Dan Streible – professeur d’études cinématographiques à New York University – a réussi avec Fight Pictures un ouvrage parfaitement documenté, écrit dans un anglais limpide et élégant, qui propose à la fois l’archéologie d’un genre fondateur du cinéma, et aussi une excellente introduction – accessible aux non-spécialistes – aux premières années du cinéma américain. Alors que les autres sports n’ont été filmés que de façon irrégulière dans les années qui ont précédé Hollywood, "la boxe a entretenu une relation étroite avec le cinéma depuis ses origines"   . Le corpus des "films de combat" se distingue comme l’un des genres cinématographiques les plus prospères de l’époque, générant d’énormes profits pour les professionnels du cinéma comme pour les organisateurs d’événements sportifs. Malgré le grand nombre de films produits avant 1915 (environ 200), le genre a été peu étudié, cette négligence pouvant s’interpréter comme la conséquence indirecte de la censure qui a très tôt frappé ces productions (de fait invisibles durant des années), mais aussi comme le signe du désintérêt des historiens du cinéma pour des films populaires à l’esthétique jugée rudimentaire.


Un genre oublié

Un faisceau de raisons permet d’expliquer la relation étroite nouée très tôt entre la boxe et le cinéma. Les deux pratiques reposent sur des "unités brèves et segmentées", et se développent dans le même milieu social, "une communauté urbaine, masculine, appelée à l’époque ‘le monde du sport et des théâtres’"   . De plus, la fascination des premiers opérateurs pour l’enregistrement du mouvement du corps humain a fait de la boxe un de leurs sujets de prédilection. Ces productions s’inscrivent dans la tradition de la photographie du XIXème siècle (cf les Boxeurs nus de Muybridge en 1887, série présentée à Edison en 1888)   . Enfin, dès 1894, la boxe retient l’attention des exploitants du kinétoscope car le sport est adapté aux contraintes formelles de l’invention d’Edison. Les machines sont en effet généralement exploitées par rangées de 5 ou 6 : en proposant un film de un round dans un appareil, on encourageait les exploitants à acheter un lot de six films (pour pouvoir proposer un match complet) – et les clients à regarder toute la séquence… Toutefois, "le lien entre boxe et cinéma, à l’époque, ne fut pas purement technique ou conjoncturel"   , comme le prouve "la nature polysémique de la réception des premiers films"   . C’est ainsi que les films Corbett and Courtney before the kinetograph   en 1894, devinrent les attractions les plus populaires du kinétoscope, dont les spectateurs pouvaient s’apparenter à des fans d’une "star" – Gentleman Jim   fut autant un boxeur qu’un acteur, et signa en 1894 le premier "contrat de star" de l’histoire du cinéma –, des adeptes du sport, des curieux intéressés par une nouvelle technologie, ou encore des personnes attirées par l’importante publicité faite autour de l’événement   .
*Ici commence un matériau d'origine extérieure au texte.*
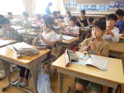 4年生の音楽では、リコーダーを練習しています。6/1の授業では、「歌のにじ」という曲をリコーダーで演奏しました。音楽担当の先生の伴奏に合わせて、きれいなリコーダー演奏となりました。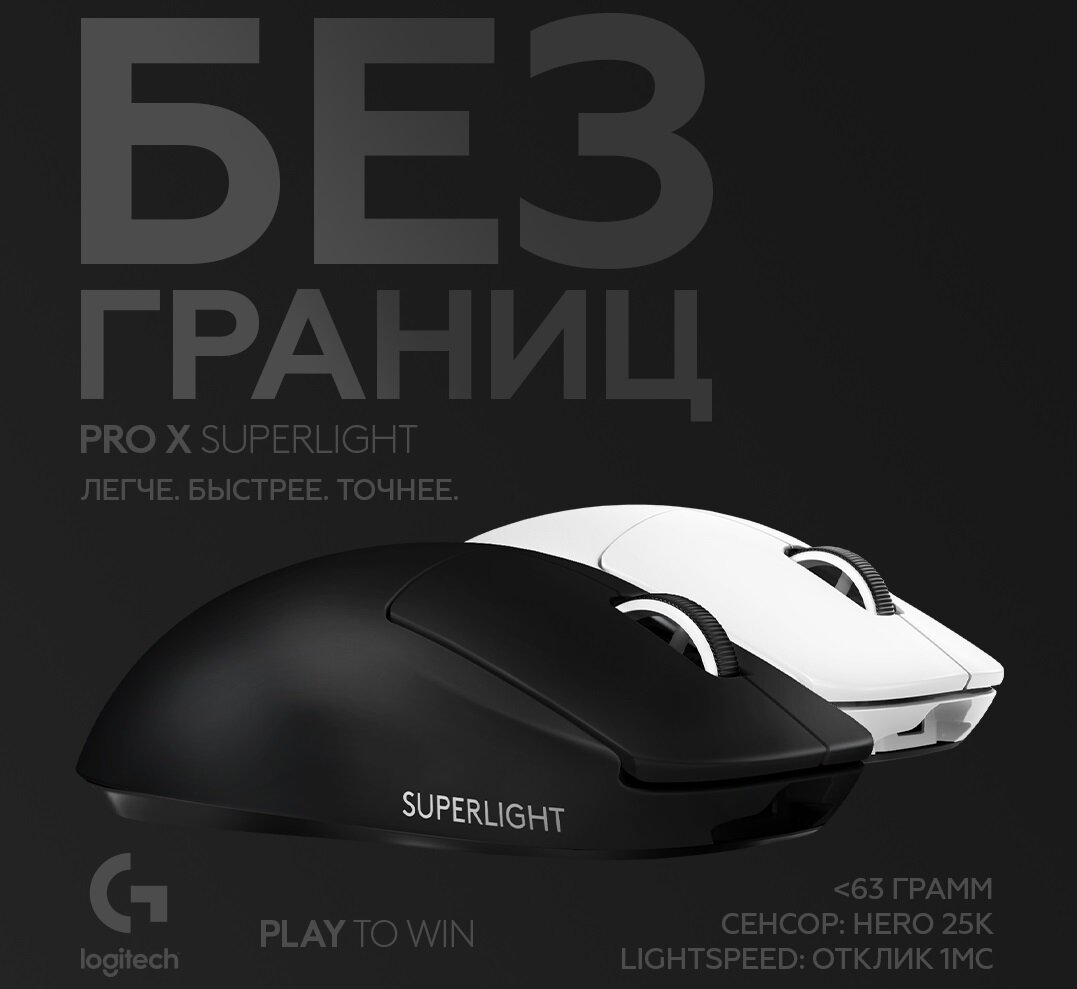 Logitech G Pro X Superlight получила крупные тефлоновые ножки и сенсор Logitech G Hero 25K с чувствительностью 25 600 точек на дюйм. При массе в 63 грамма, мышка работает до 70 часов на одном заряде. Заявлена технология Lightspeed, которая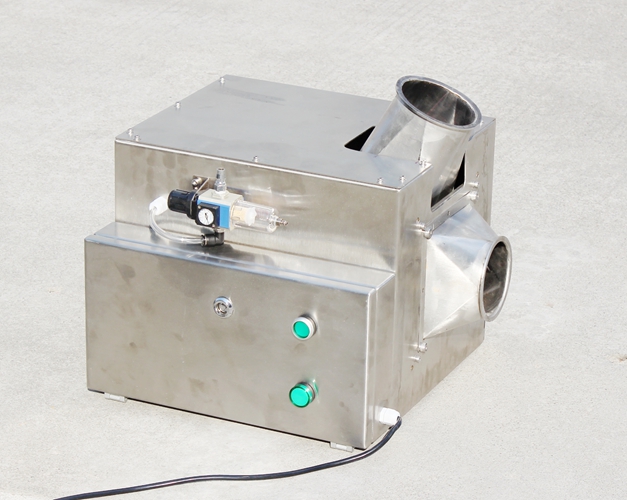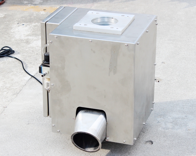 原料從料斗或送料器自由下落進入金屬分離器,如果沒有金屬雜質(zhì),原料會直接通過金屬分離器流向下端的出料口。如果檢測器檢測到原料中含有金屬,那么控制器立刻啟動分離板將金屬物和部分原料一起導向側(cè)面的排料口,然后分流板迅速恢復至正常的位置,分流板速度可調(diào),金屬分離器的檢測精度也可根據(jù)生產(chǎn)需要調(diào)節(jié),最小可檢測并分離出Φ 0.2mm的金屬顆粒。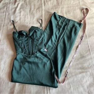 Tags: House of CB corset, Charmaine, green corset, forest green, silk satin dress, corset maxi dress, strapless corset, date night, formal, elegant, prom, event, romantic, evening, charity ball, glam, NWT.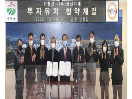 이날 투자협약은 코로나19 확산에 따라 구인모 거창군수와 ㈜금산기계 조수현 대표 등 회사 관계자 최소 인원이 참석한 가운데 개최됐다.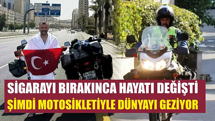 Motosikletçi İbrahim Değerli, sigarayı bıraktıktan sonra biriktirdiği para ile motosiklet yolculuklarına başladı. 15 yılda birçok farklı ülkeyi gezerek yaklaşık 250 bin kilometre yol kat eden Değerli, bu kez arkadaşıyla birlikte çıktığı yolculukta umre görevini motosikletiyle yerine getirdi.
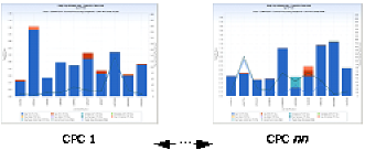 The example shows the CPC level chart generated for jobs executing on an IBM z/196 2817-615 CPC. The largest user of CPU time was the job ‘URUJOBXR’. The chart shows that for the day depicted, the job only had one step completion spanning five interval records, and consumed just over 1.2 hours of CPU time. Most of this time was Step TCB Time. Job ‘SALSAL54’ consumed significant SRB and I/O Interrupt CPU time, indicating significant I/O activity.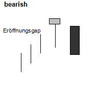 Gap zwischen erster und zweiter Kerze. Gap zwischen 2. und 3. Kerze hilfreich. Erste und dritte Kerze sind starke Kerzen. Farbe der zweiten Kerze unwichtig. Starkes Signal, keine Bestätigung nötig. Ist die zweite Kerze ein Doji, nennt sich die Formationen Evening Doji Star. Dadurch wird die Aussagekraft der Formation erhöht.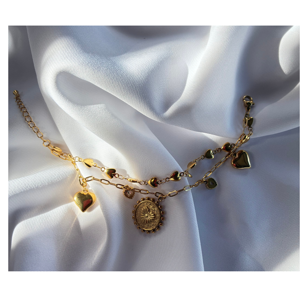 La première est ornée de petits cœurs ainsi que de pendentif cœur.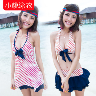 小桃泳衣 小胸聚拢钢托裙式分体泳衣 女平角四件套比基尼 包邮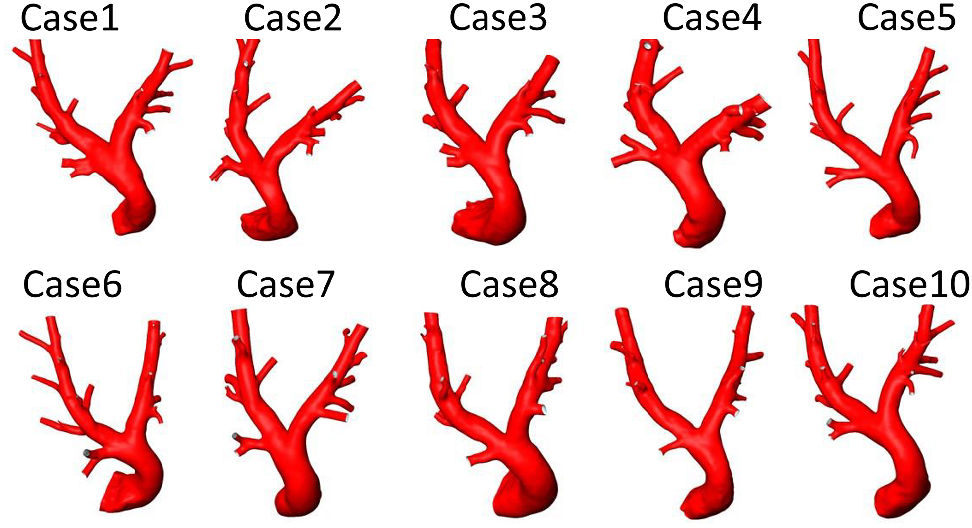 Geometries of 10 porcine pulmonary arteries reconstructed from computed tomography data acquired before the pulmonary artery pressure sensor implantation.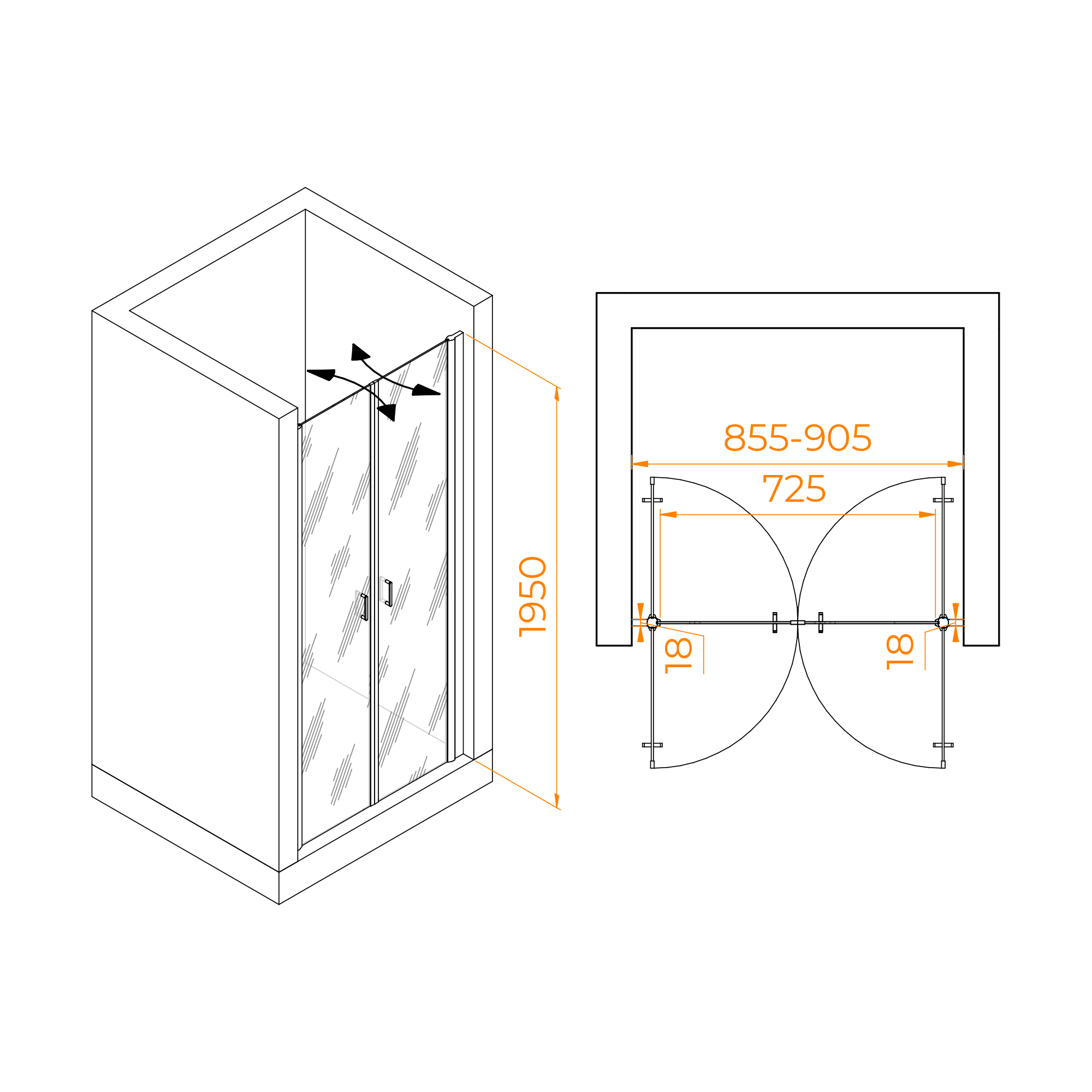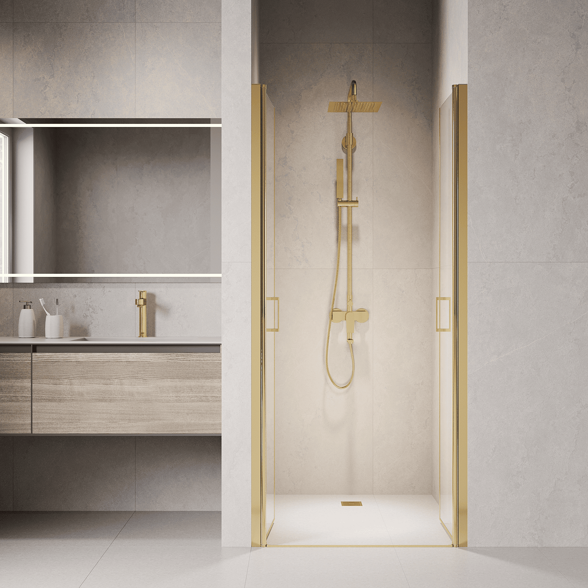 Двух створчатая маятниковая душевая дверь PA-104 с механизмом "Gravity Loop" представлена в популярных цветовых решениях: хром, черный и золото brush.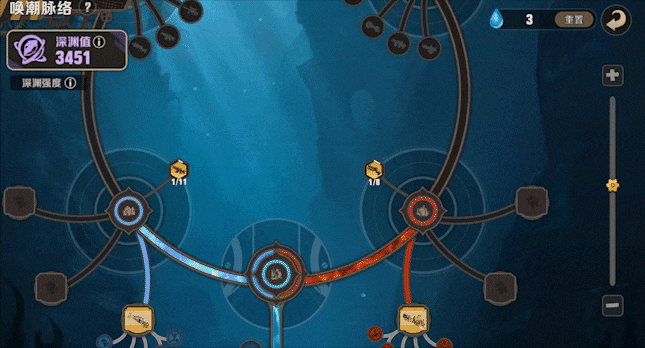 当大家成功通关后就能拿着每日奖励去升级唤潮之心啦!唤潮脉络中现在也新增了全新节点,激活后不仅能强化寒潮&炙涌的武器伤害,还能提升深渊值,进一步加强联合作战能力。
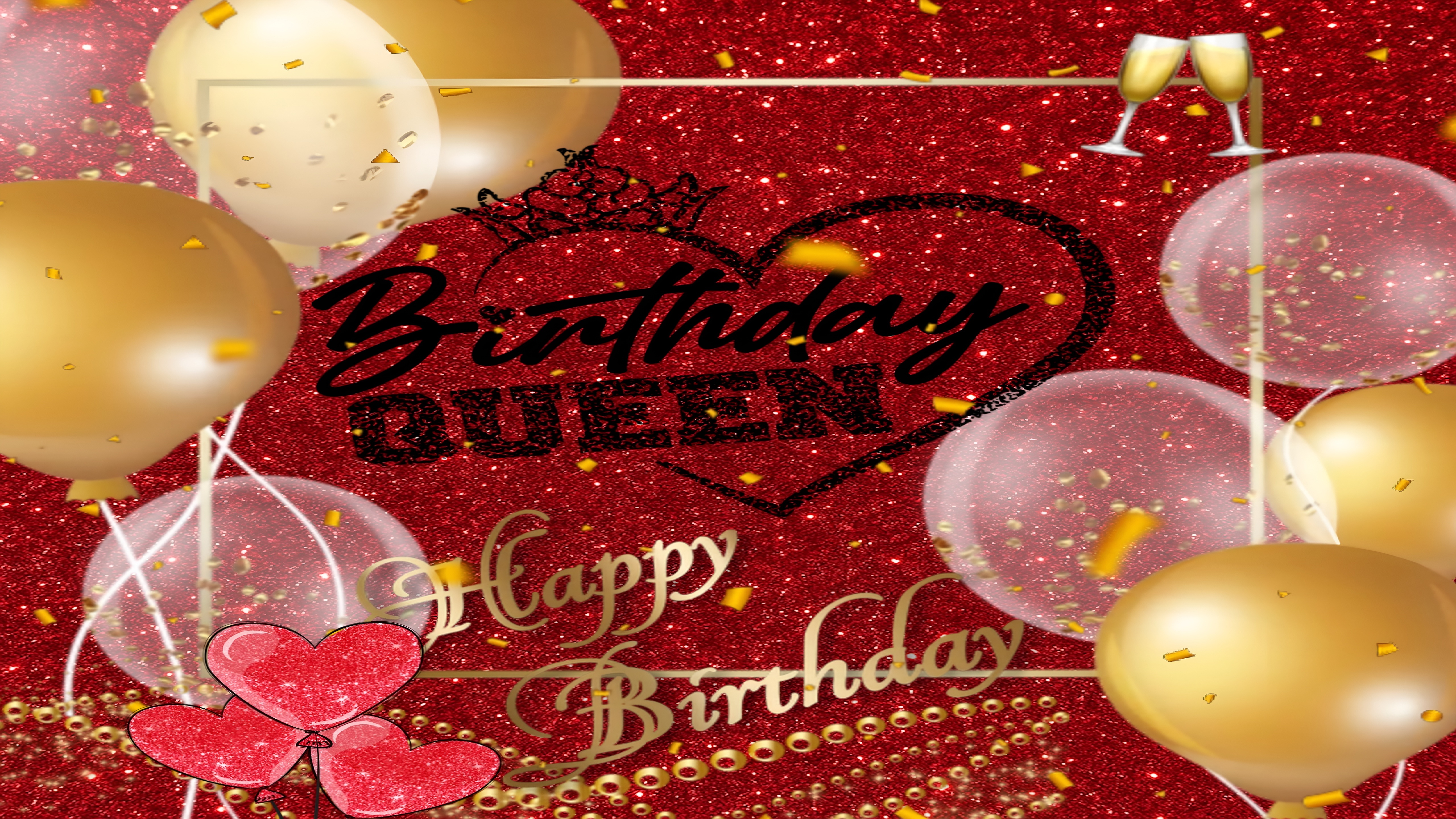 The Birthday Queen Celebration Wallpaper combines artistic elegance with festive charm through its use of glitter textures, metallic gold highlights, and transparent white balloons that float softly against the vivid red backdrop. The black scripted "Birthday Queen" text crowned with a tiara adds a regal touch, while the golden confetti scattered throughout the image enhances the celebratory mood. The inclusion of delicate champagne glasses in the upper corner subtly hints at a toast-worthy occasion, enriching the overall atmosphere.
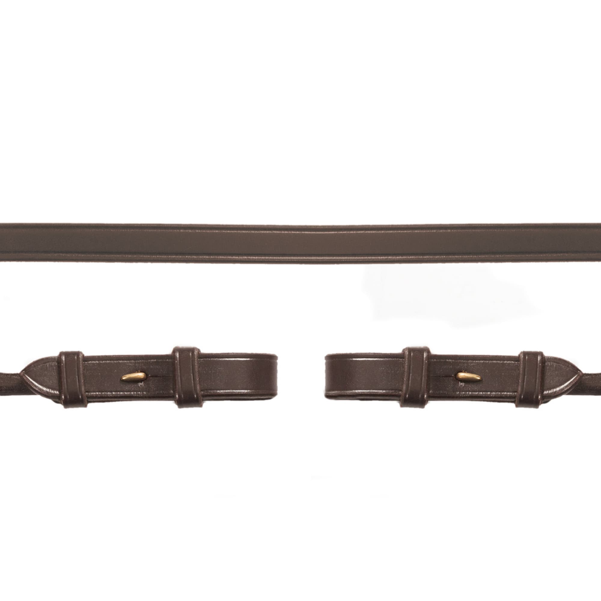 The reins are made entirely from leather and are not split. Instead, they feature a practical leather loop that allows the length to be adjusted as needed.
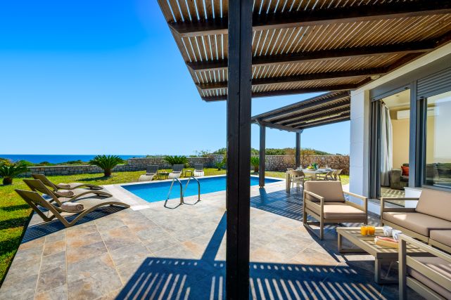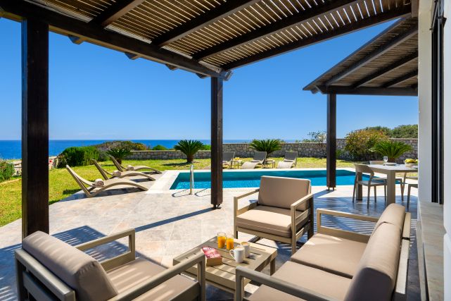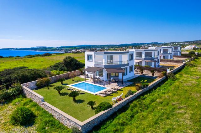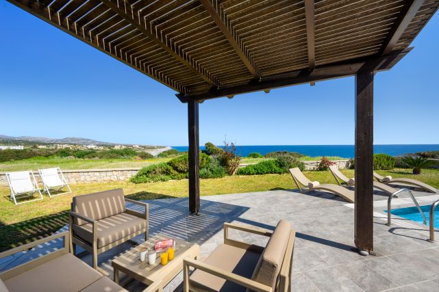 Buiten begint het echte genieten. Elke villa beschikt over een eigen zwembad, buitendouche en een ruim terras met comfortabele tuinmeubels. De barbecue en buiten eethoek onder het overdekte terras maken het geheel compleet voor lange zomeravonden. Het strand ligt op circa 120 meter afstand en is via een direct pad naar beneden goed bereikbaar, waardoor u altijd dichtbij zee bent voor een verfrissende duik.

Approche gender du film de boxe

En 1897, le combat qui oppose le très populaire Corbett à Fitzsimmons constitue un jalon essentiel à plusieurs titres : il s’agit du premier long métrage de l’histoire du cinéma, du premier combat de championnat filmé, et surtout d’une occasion inédite, pour un public féminin, de pouvoir assister à un sport éminemment masculin. La pratique de la boxe, à l’époque, était particulièrement réglementée, et le film donna lieu à des tentatives de censure fédérales – qui sont parmi les premières exercées à l’encontre du cinéma –, afin "d’interdire la transmission par voie postale ou le commerce d’un état à un autre de tout film (ou de toute ‘description’) ayant pour sujet un combat de boxe"   . Cette volonté de contrôle échoua, car la boxe était un sport extrêmement populaire, et aussi parce qu’en 1897 personne n’avait de notion vraiment précise de ce qu’était le cinéma : l’existence de plusieurs technologies concurrentes rendait toute tentative de régulation difficile. Il n’en demeure pas moins que "pour la première fois dans l’histoire des États-Unis, des groupes de pression réclamaient une censure fédérale du cinéma"   . À cette époque déjà, les opposants du Corbett-Fitzsimmons Fight mettaient en garde contre des reproductions "plus vraies que nature de spectacles dégradants", seulement susceptibles de "brutaliser" les spectateurs, "surtout les jeunes", tandis que d’autres s’alarmaient de la puissance néfaste de ces "spectacles hypnotiques"   . Le film fut cependant très largement distribué. C’était d’ailleurs la première fois qu’était commercialisé sur une grande partie du territoire un film unique, et non un programme de films. Il fut montré durant plusieurs années dans une grande variété de lieux, dans les théâtres des grandes villes, dans les opera houses municipaux où de très nombreuses personnes virent leurs premiers films, et même dans des parcs d’attraction et des foires.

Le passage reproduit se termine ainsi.